The image acquisition method is an important factor to consider and the methods are essentially similar in all systems: [9, 10, 11, 12] placement of the retraction cord to expose the margin of the preparation, drying the area to be scanned, and application of powder (if required) with a special sprayer. The process is usually started with the occlusal surfaces as reference, due to the anatomy. Next, images are taken from various angles to generate precise 3D data of the prepared tooth. Missing or incorrect areas are corrected, and the process is completed in the same manner with the antagonist. Finally, oral lateral exploration is performed to obtain the bite (bite record). Table 1 specifies the strategy recommended for each impression system.

Recording complete arch impressions for extensive restorations may however be complicated, as little information is available on the impact of different scan strategies on the accuracy of full-arch scans.

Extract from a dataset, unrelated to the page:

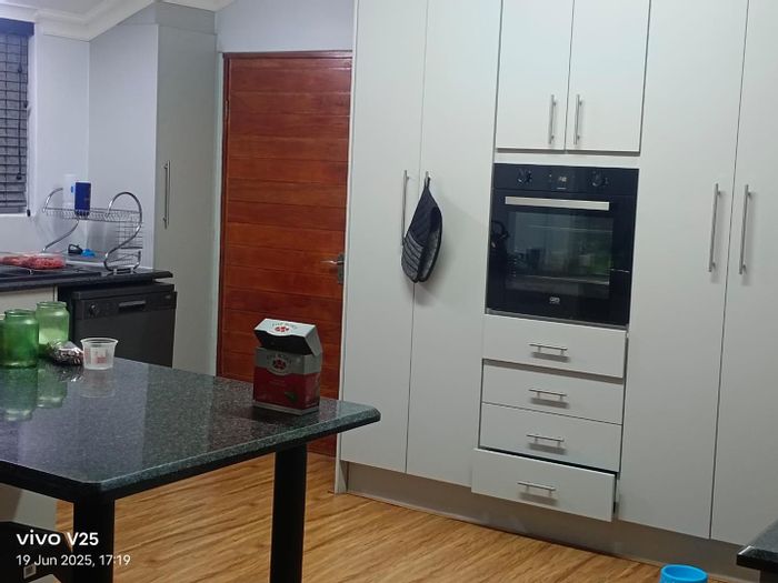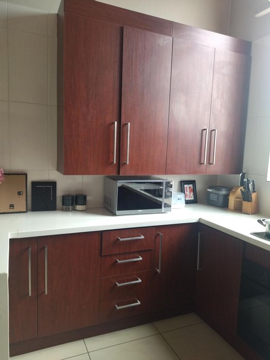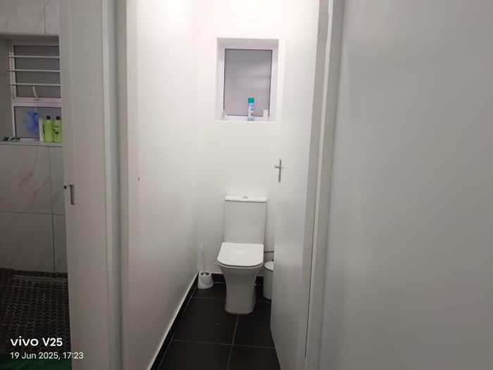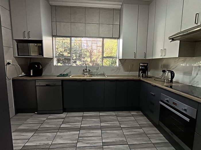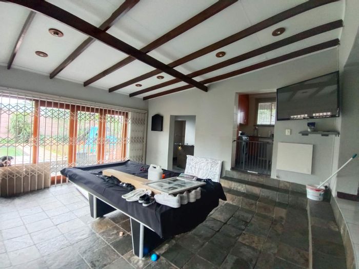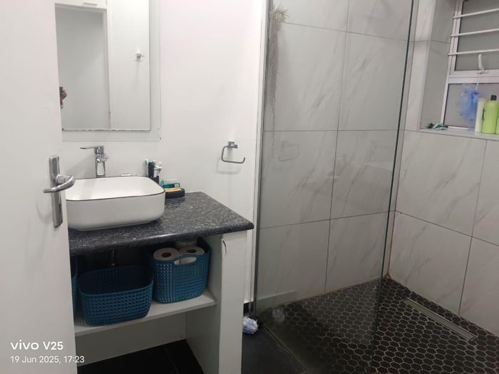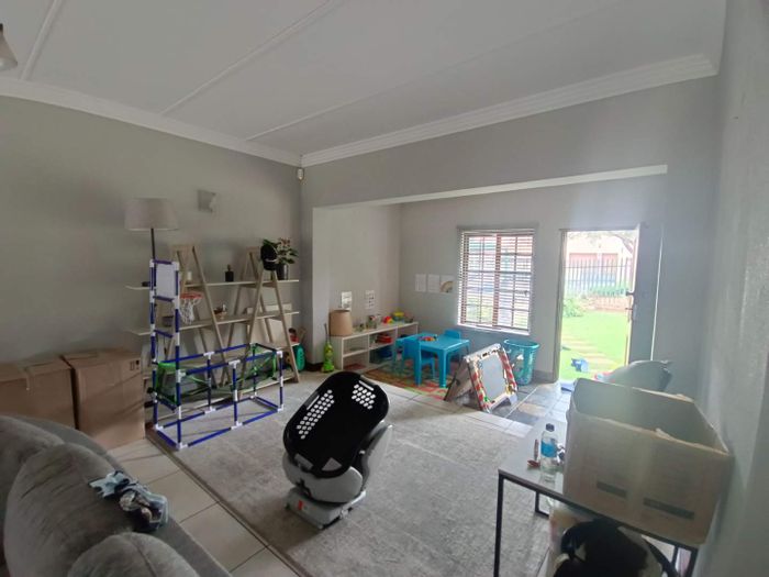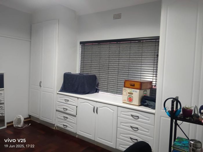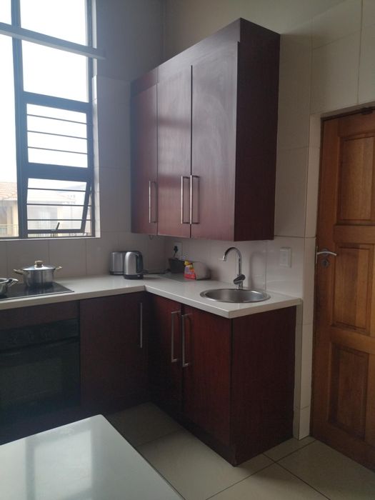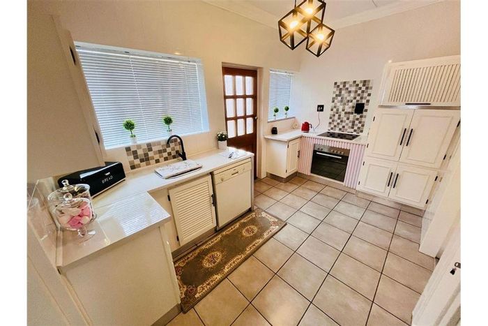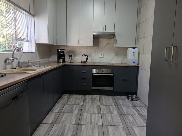 Relaxed South Crest living with leafy outlooks and easy indoor-outdoor flow; open-plan granite kitchen and private garden ready for a lapa and swimming pool. Three bedrooms, two bathrooms.

This study aimed to determine the scanning strategy that obtains the best accuracy results, in terms of trueness and precision, for each of the intraoral digital impressions systems included in the study; and the null hypothesis was there are no differences in the accuracy of the intraoral scanner related to scanning strategies”.

Material and methods

A maxillary master cast was manufactured with Exakto-Form epoxy resin (Bredent, Senden, Germany), a wear-resistant and totally opaque material, at the Silicom Dental laboratory (Silicom Dental, Valencia, Spain).

This cast had several dental preparations for onlay, abutment tooth, fixed dental prosthesis (FDP), veneer and Straumann RN anti-rotational Core3D scanbody (Avinent Implant System, Barcelona, Spain), to try to simulate complex clinical situations (Fig 1).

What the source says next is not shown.